With the rapid growth of digital textual data in many areas of science, there is a growing need for automated tools that can analyse, classify, and interpret this type of data. Text mining techniques can be used to create a structured representation of text, making its content more accessible to users and researchers. Text mining applications are everywhere: social media, web search, advertising, email, customer service, healthcare, marketing, etc. During the course, students will actively learn how to apply text mining methods to data analysis and how to use them together with natural language processing and machine learning techniques on real data problems. The course has a strong practical focus: students will gain hands-on experience in Python by applying the methods to real data during the course and interpreting the results.

Prerequisites

We assume that students who will join the course will have basic knowledge and / or motivation in programming (Python) and data science.

Objectives

The aim of this course is to provide students with an understanding of the principles, problems, techniques, and solutions associated with text mining and to enable them to gain knowledge of how recent advances in text mining relate to innovative approaches to organising, characterizing, finding and exploiting large amounts of textual information in the search for new knowledge.

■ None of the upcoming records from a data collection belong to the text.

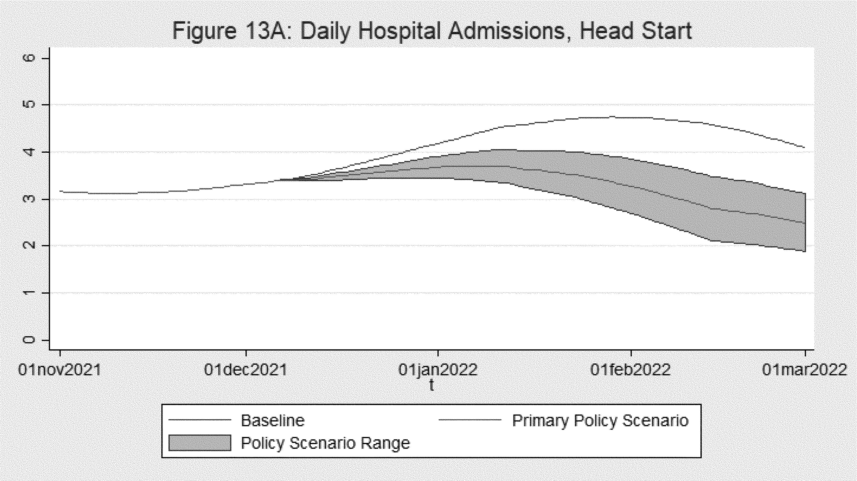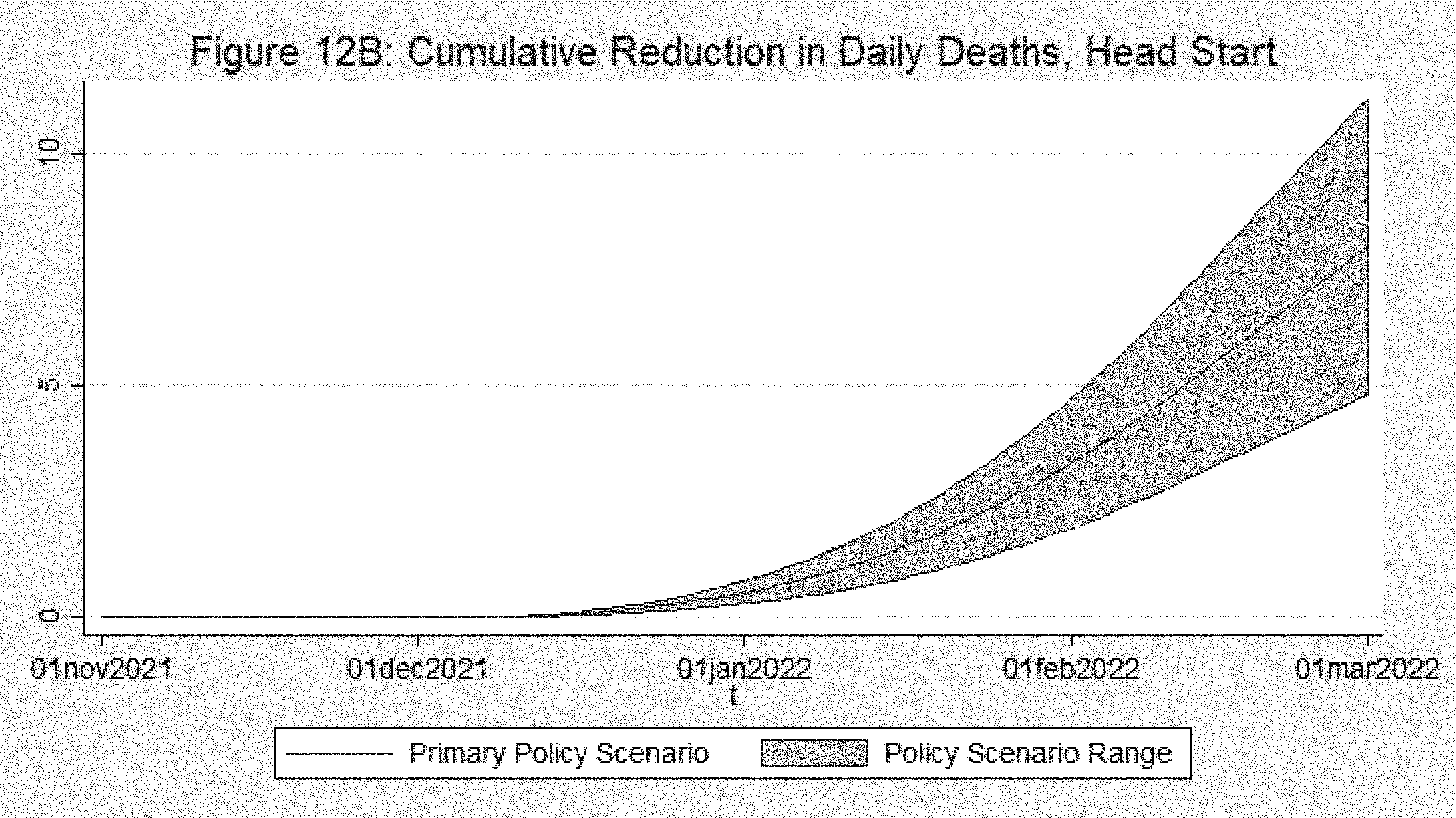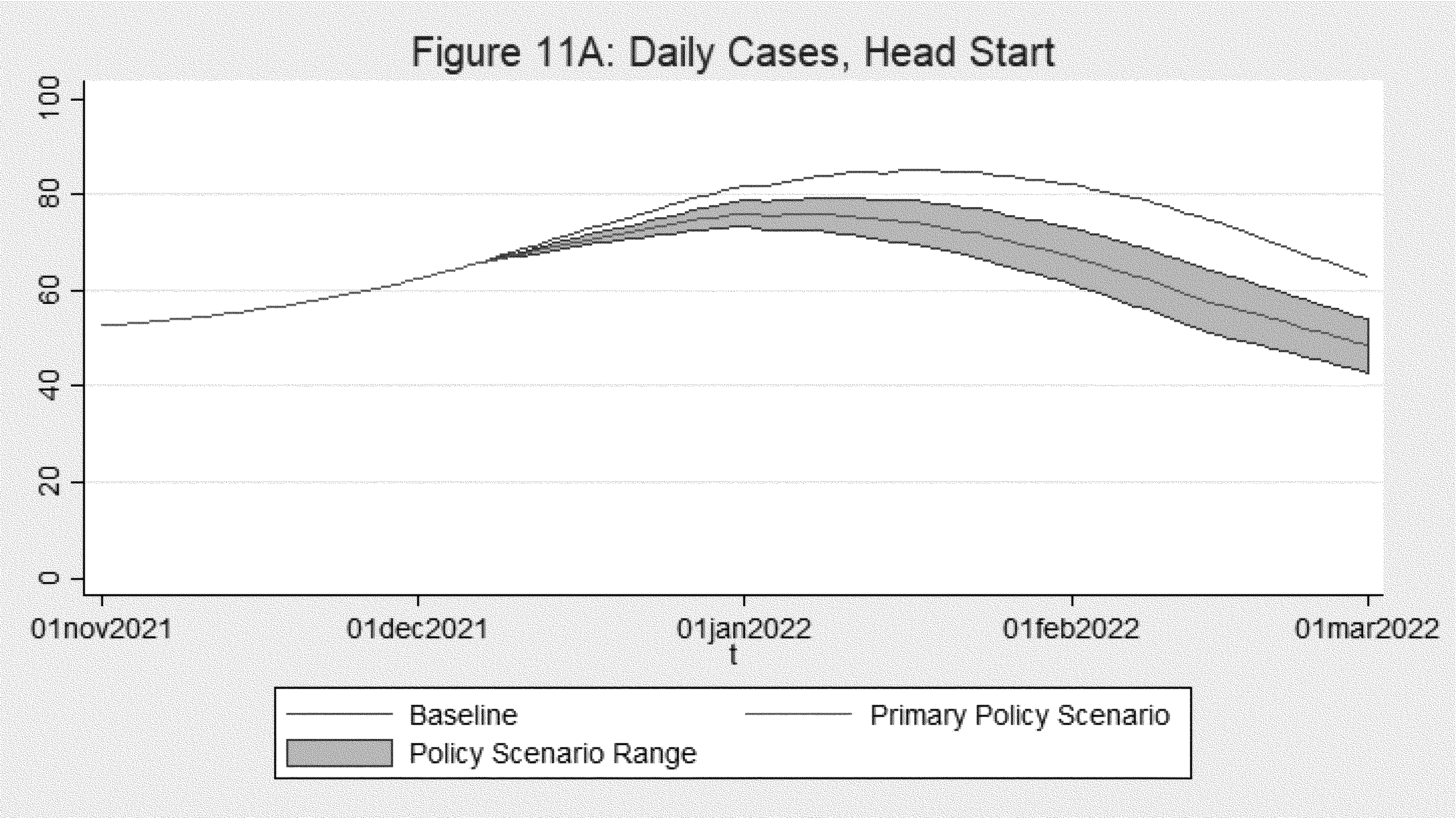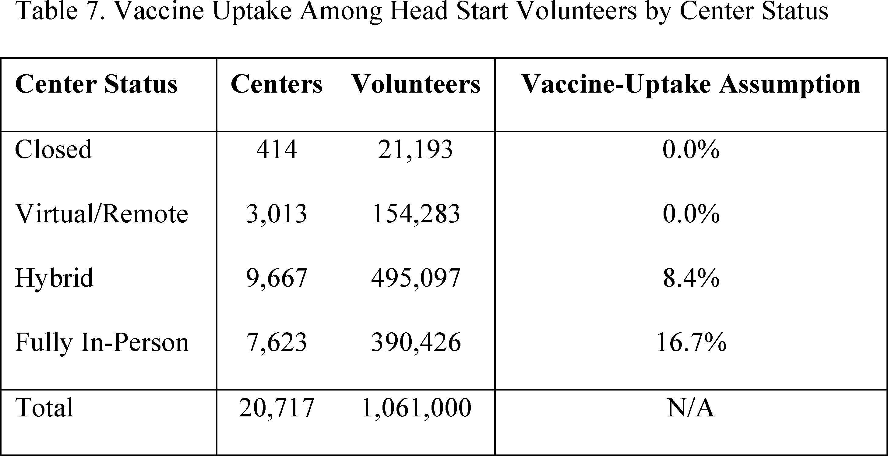 0.73/0.65 ≉ 1.12. We perform calculations in the model based on the share of individuals who are unvaccinated. The comparable calculation is 1−[(1−0.73)/(1−0.65)] ≉ 0.23, which indicates that Head Start staff are about 23% less likely to be unvaccinated than the general adult population.
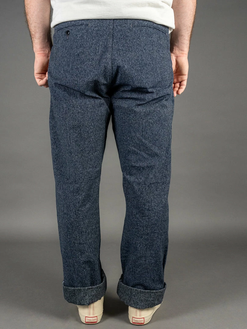 From the factory to the farm, the garage and the delivery route, the humble work pant is an emblem of hard, honest work. The most popular of the last century has undoubtedly been the chino trousers style, and one of the most common fabrics of the first half of the 20th century was salt & pepper.
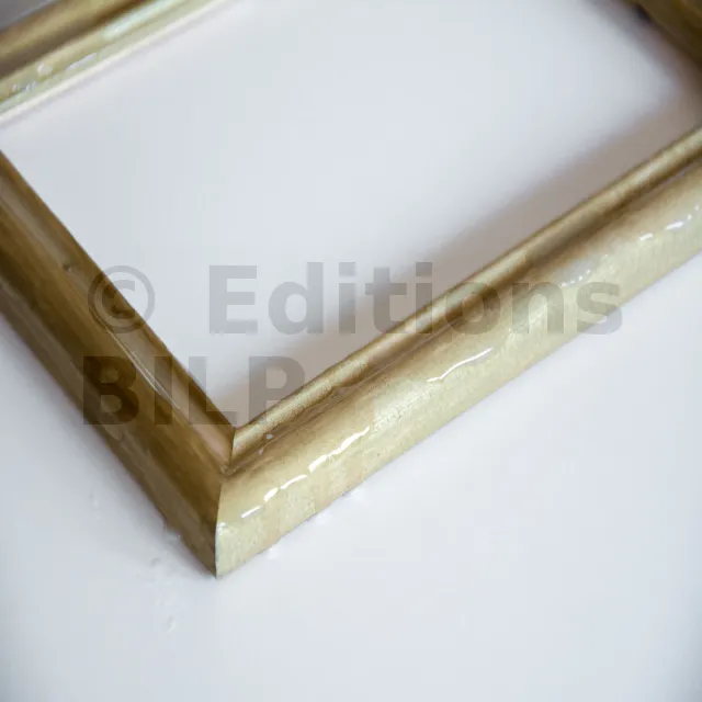 - Il est possible quand l’effet final est sec mais non recouvert d’un vernis de protection, de créer des effets vieillis comme sur la photo. Il suffit de passer de l’eau très chaude sur certaines parties du support et de retirer la finition par zonage.
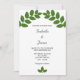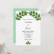 Eleganter grüner Laurel verlasse auf weißer Einladung zur Hochzeit. Auf der Rückseite des Hotels befinden sich drei Bucht-Blätter auf einem hellgrünen Hintergrund. Grün verlasse Einladungskarten.
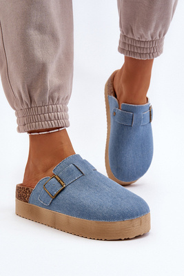 Klapki Jeansowe Damskie Chodaki Na Platformie Niebieskie Jorffia
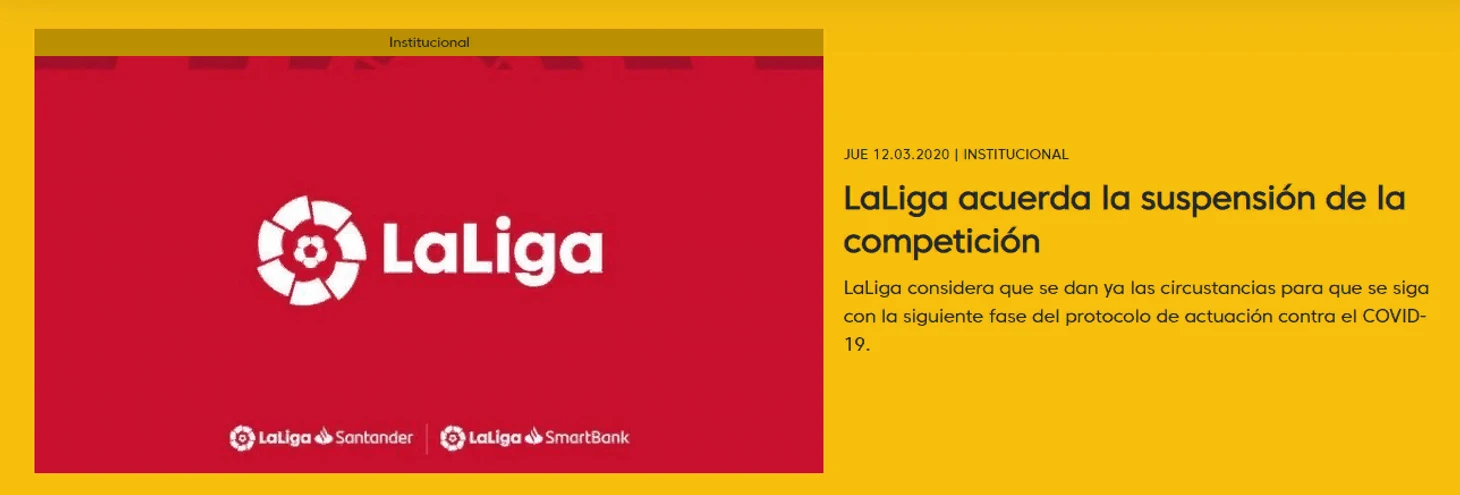 15:00 Ла Лига приняла решение приостановить чемпионат Испании из-за распространения коронавируса. Турнир будет остановлен как минимум на два ближайших тура. Решение было принято из-за введения карантина в «Реале», а также из-за возможного заражения игроков других клубов.
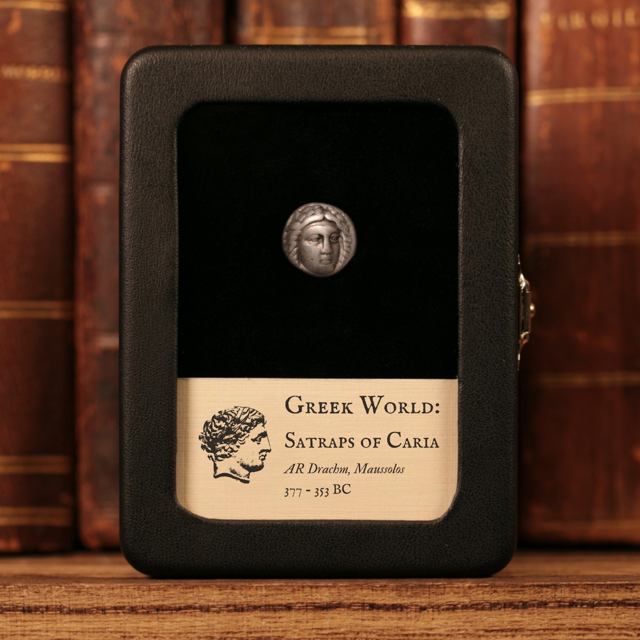 Our original glass and leatherette display boxes showcase your relic above a custom information card, with a design unique to History Hoard.
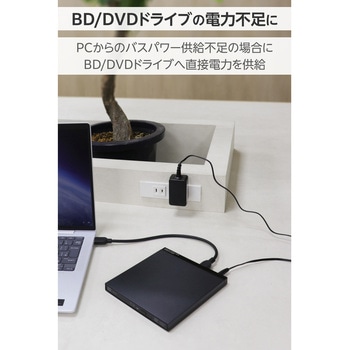 ポータブルDVD/BD製品の電力不足を補う別売オプション品 ― ACアダプター。バスパワー駆動では使用できないパソコンでも、電力を補助することでポータブルDVDやブルーレイドライブ製品を使用可能にするACアダプターです。本製品は、パソコンのバスパワーに依存せず、ロジテック製BD/DVDドライブへ直接電力を供給します。ドライブに対応するディスクを挿入してもパソコン側で読み込めない場合などにご使用ください。
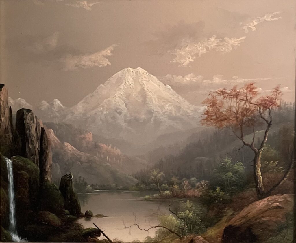 This painting, with a beautiful waterfall on the left side which provides balance to the large tree on the right, is a unique Mt. Rainier painting by Barchus. It is also an early work by her. On the panel’s reverse she wrote “Mt Rainier WT 14,444 feet high.” As Washington did not become a U.S. State until 1889, this painting predates that date.
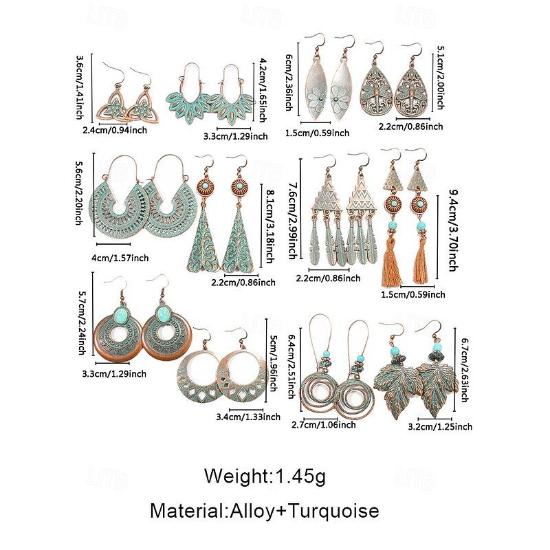 $11.99 - Women's Boho Vintage Turquoise Dangle Earrings Set - Vintage Tribal Style Lightweight Dangle Earrings with Antique Bronze Finish for Holiday Casual Outings and Gifts 2025. Shop for cheap Women's Earring online? Buy at lightinthebox.com on sale today!
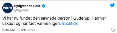 Tað seinasta nýggja í málinum er, at maðurin eftir leiting í tveir tímar er funnin aftur í øllum góðum og hevur tað gott.
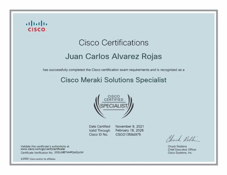 Cisco Meraki Solutions Specialist Certificate PDF
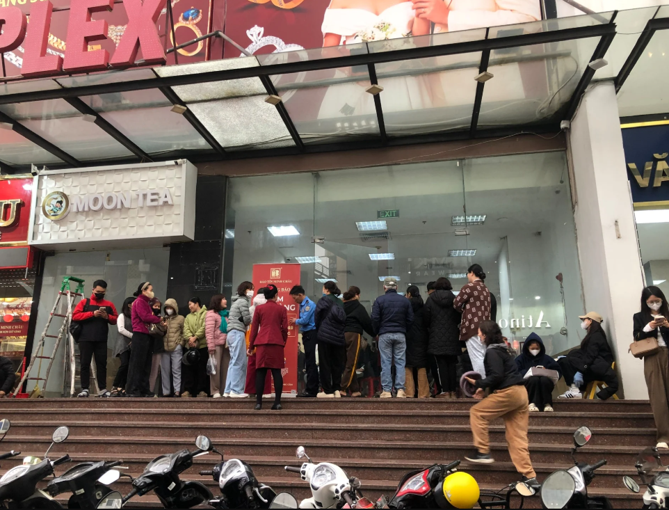 Tại một cửa hàng của Bảo Tín Minh Châu trên đường Cầu Giấy (Hà Nội), mới hơn 7h sáng, nhân viên cửa hàng đã thông báo nhận đủ 200 khách và dừng giao dịch trong buổi sáng 4/2. Tuy nhiên, bên ngoài cửa hàng vẫn có rất đông người tiếp tục đứng chờ, hy vọng có thêm suất mua vàng.
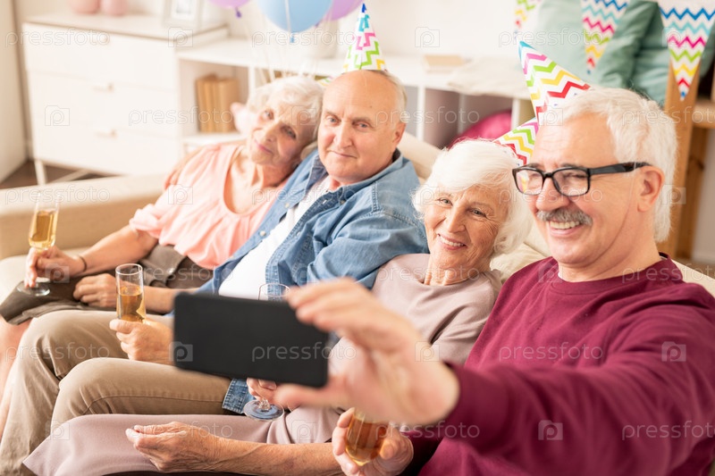 Группа веселых старшеклассников, делающих селфи на диване
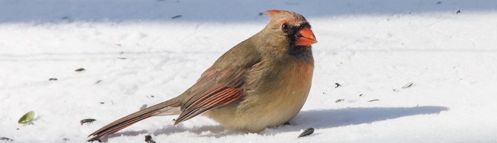 The ground has been solidly snow covered for weeks.  As a result, traffic at bird feeders is heavy, with birds often emptying our feeder in less than a day.  It’s especially tough on birds that feed on the ground, like Cardinals,
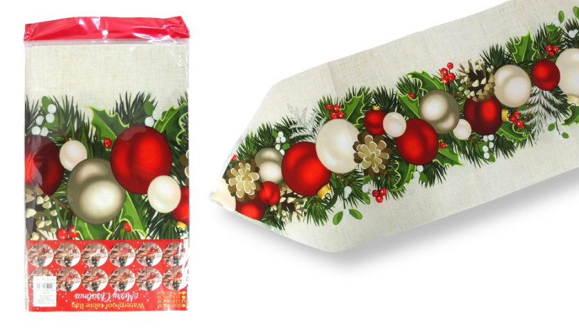 Mata, bieżnik na stół świąteczny, bożonarodzeniowy 180x35 cm BOMBKI
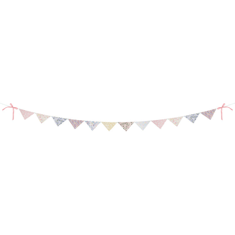 Join forces with Liberty for one-of-a-kind bunting that will elevate any occasion! Exquisite floral Liberty prints adorn both the garland and box, paired with charming scalloped pennants, pretty pink bows, and a touch of green velvet. Perfect for all ages and celebrations, this versatile garland adds a touch of sophistication to any party. Use it as a table runner, wall hanging, porch or garden decor, and keep it up all year round. Known for their innovative designs and love for craftsmanship, Liberty has been a creative haven since 1875. Their prints, crafted in London's heart, are a testament to true artistic exploration.

On completion of the course, students should be able to:

Explain and use text preprocessing and representation techniques.
Describe a text analysis system and its components, both optional and mandatory.
Define a text mining pipeline given a practical data science problem.
Implement all steps of a text mining pipeline: feature extraction, model learning, model evaluation.
Analyse and reflect on the different techniques used in text mining, the parameters required, and the problem solved.
Understand and apply some of the state-of-the-art methods in text mining and natural language processing.
Plan and carry out a text analysis experiment.

2 Course Policy

This course is worth 7.5 ECTS, which means it is designed to give one lecture and on lab per week.

Weekly course flow

A regular week in this course consists of one lecture (Monday at 15:15-17:00) and one lab session (Monday at 17:15-19:00). The material is introduced on a theoretical level in the lectures and then put into practice in the lab sessions. The practical work done in these labs is drawn from real life situations that allow the students to experience how to solve text mining and NLP taks in data science problems.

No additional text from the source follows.